One additional benefit of a shadow deployment is that you can perform experiments with multiple candidate models in a shadow deployment and choose the one that is able to perform best on your current production data.
Now that we have some techniques to help us improve the quality of our deployments, let’s talk about what you can do when you find an issue with your production model after you have deployed it into production.
Okay so we discovered an issue with our model in production, what should we do about it? This very much depends on your model application, but here we will talk about some general strategies about how to handle an issue in the short term (mitigation) and work towards the real fix (remediation).
To start, just as with software, you may be able to roll back to a previous model version and corresponding software/configuration. This mitigation strategy might help you if you promoted a bad model that got past your validation procedures; however, this will not always solve your issue. It’s possible that your input data distribution or the underlying task of the model has changed, making the older model also a poor choice to have in production.
Another strategy that can work in some cases is to deploy a naive version of your model. This may generally have lower performance than your more complex model, but it may do better in the face of change in input and expected output distributions. The model doesn’t need to be machine-learned and can just be a simple heuristic-based model. This strategy may help you buy time while you rework your more complex, but more performant model.
This brings us to the most common advice that is given to resolve an incident caused by an ML model in production: Just retrain it! This advice is common because it covers a lot of potential failure modes for a model. If the input data has shifted or the underlying task has changed, retraining on newer production data might be able to solve your issue. The world changes over time, and it’s possible your model needs to be regularly retrained to stay relevant.
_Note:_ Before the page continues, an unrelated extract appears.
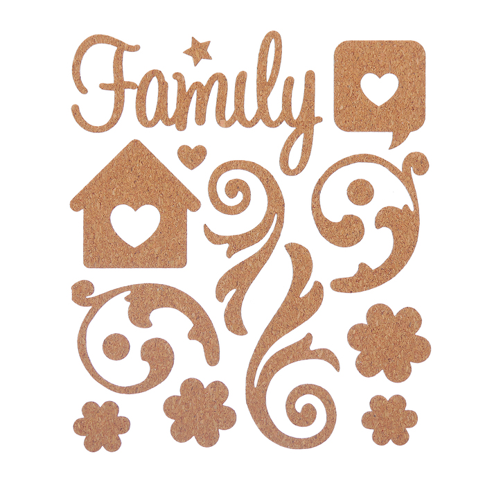 Пробковые стикеры для декора "Семья" набор 17 элементов (7921)

Retraining strategies could encompass a whole other technical article, so let’s skip to the abridged version. You have some options when you retrain your model:
You can choose to upsample certain subsets of your data, potentially to fix issues regarding unintended bias or underperformance for a category of your data.
You also can sample the newer production data to build new training sets to use if you think that the shift in your input/output distributions is here to stay.
If you think that this shift in distributions is temporary and potentially seasonal, you can train a new version of your model on the data from this seasonal period and deploy it, or turn to engineering features to help your model understand this seasonal indicator in the function it is trying to approximate.
It’s possible that your model’s performance may have dipped due to the introduction of a new category of examples that it had not seen in it’s training. If this category of examples is sufficiently different you may need an entirely new model to handle these particular examples. The process of training a separate model and employing a higher-level model to determine which to use for a particular example is commonly referred to as a federation.
The last option we will talk about here is going back to the drawing board. If retraining hasn’t helped restore performance and your older models also fail to do the job, it’s possible that the task has changed significantly enough to require some of the following: a new model architecture, new features, new data processing steps.
It took years for the software world to get behind the reliability framework we outlined above. With the three pillars of observability, management of change, and incidence response, we can translate the reliability gains from the world of software to the world of ML applications. It’s now up to the ML Ops space to provide the tools that we desperately need to make ML applications reliable.